この漫画は、恋愛の要素が少しあって、友情も少しあって、青春があって、そしてペット愛があってと、いろんな要素がからみあって成り立っているのですが、そのどれかに傾きすぎるということがなく、それぞれが適度に主張して、譲りあって、支えあっているという感じ。ほどよいバランス感があるんですね。キャラクターは、主役に近い人はやはりしっかりと出番もあって、当然その個性が発揮される機会も多くなって、けれどほとんどモブのような人でも、テーマによっては前に出てきたりします。こうしたところが、全員で盛り上げようというような雰囲気を感じさせて、和気藹藹とした仲よさ、いいなと思わせるのではないかと思っています。みな、人との関わりに前向きで、みな、人懐こくやさしい。そんな空気がとてもいい。

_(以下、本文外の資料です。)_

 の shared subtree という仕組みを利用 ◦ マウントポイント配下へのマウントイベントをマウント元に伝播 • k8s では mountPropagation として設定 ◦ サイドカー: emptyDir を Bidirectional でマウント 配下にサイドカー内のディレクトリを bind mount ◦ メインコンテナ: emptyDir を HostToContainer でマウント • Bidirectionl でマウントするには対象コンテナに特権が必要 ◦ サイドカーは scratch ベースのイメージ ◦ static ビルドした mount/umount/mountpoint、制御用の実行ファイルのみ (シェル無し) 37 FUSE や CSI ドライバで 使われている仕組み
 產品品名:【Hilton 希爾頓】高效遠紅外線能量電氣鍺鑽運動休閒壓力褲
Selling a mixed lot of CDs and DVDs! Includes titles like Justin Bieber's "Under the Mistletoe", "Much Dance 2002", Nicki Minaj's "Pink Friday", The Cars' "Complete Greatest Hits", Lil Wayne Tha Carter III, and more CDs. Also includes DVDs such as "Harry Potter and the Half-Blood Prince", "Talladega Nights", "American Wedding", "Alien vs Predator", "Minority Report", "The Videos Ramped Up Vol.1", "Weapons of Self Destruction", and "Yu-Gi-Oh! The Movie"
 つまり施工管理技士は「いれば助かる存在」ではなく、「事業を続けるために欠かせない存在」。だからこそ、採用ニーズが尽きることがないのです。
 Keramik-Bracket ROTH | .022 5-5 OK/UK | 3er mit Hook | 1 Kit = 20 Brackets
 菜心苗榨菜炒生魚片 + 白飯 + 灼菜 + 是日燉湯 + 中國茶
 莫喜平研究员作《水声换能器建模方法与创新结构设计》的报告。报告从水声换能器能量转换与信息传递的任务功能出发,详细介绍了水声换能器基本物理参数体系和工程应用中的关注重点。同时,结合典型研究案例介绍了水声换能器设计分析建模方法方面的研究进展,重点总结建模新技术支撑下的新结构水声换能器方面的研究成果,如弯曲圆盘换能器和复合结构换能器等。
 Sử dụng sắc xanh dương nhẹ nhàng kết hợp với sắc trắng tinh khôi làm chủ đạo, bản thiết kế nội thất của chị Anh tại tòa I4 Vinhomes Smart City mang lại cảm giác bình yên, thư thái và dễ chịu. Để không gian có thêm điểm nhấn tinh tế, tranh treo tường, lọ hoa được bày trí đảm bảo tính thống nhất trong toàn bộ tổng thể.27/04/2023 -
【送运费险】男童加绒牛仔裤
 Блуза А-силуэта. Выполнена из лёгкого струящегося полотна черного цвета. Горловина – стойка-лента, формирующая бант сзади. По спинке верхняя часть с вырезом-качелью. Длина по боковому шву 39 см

特にペット自慢の回なんかね、すごくいきいきとしていて、読んでいるこちらも嬉しさがこみあげてくるようなところがあって、この漫画のよさが発揮されてるな、なんて思ったものでした。

この漫画は、ちょっとマニアックなネタとか、そういうのも散見されて、それは残念ながら私にはあんまりよく笑いどころや楽しみようがわからないのだけれど、『デス・クリムゾン』のくだりとかね、なんか伝わってこない。そんな気持ちになることもあるのだけれど、けれど全体を通しての流れ、そうしたものにはひかれるものがあります。ひとつのできごとを、ゆーりの視点、セラの視点で描いたことがありました。ゆーりとセラ、それぞれ思うところ、悩むところがあって、けれどこのひとつのできごとが、三人をあらためて引き結ぶこととなって、素敵な風景、流れさる胸のつかえ、そうした叙情性あふれる感性はすごくいい。楽しさや叙情性、そして共感など、そうしたものに触れるごとに、『ねことゆーり』にて描かれる世界の表現に、ゆーりたち登場人物に、親しみを感じて、そしてそのたびごとに、少しずつこの漫画を好きになっていったのでした。

最初に覚えたのはタイトルでした。今は、ゆーりもスカイさんも、この漫画に出てくるみなが大好きです。

  • kodomo兎『ねこにゆーり』第1巻 (まんがタイムKRコミックス) 東京:芳文社,2009年。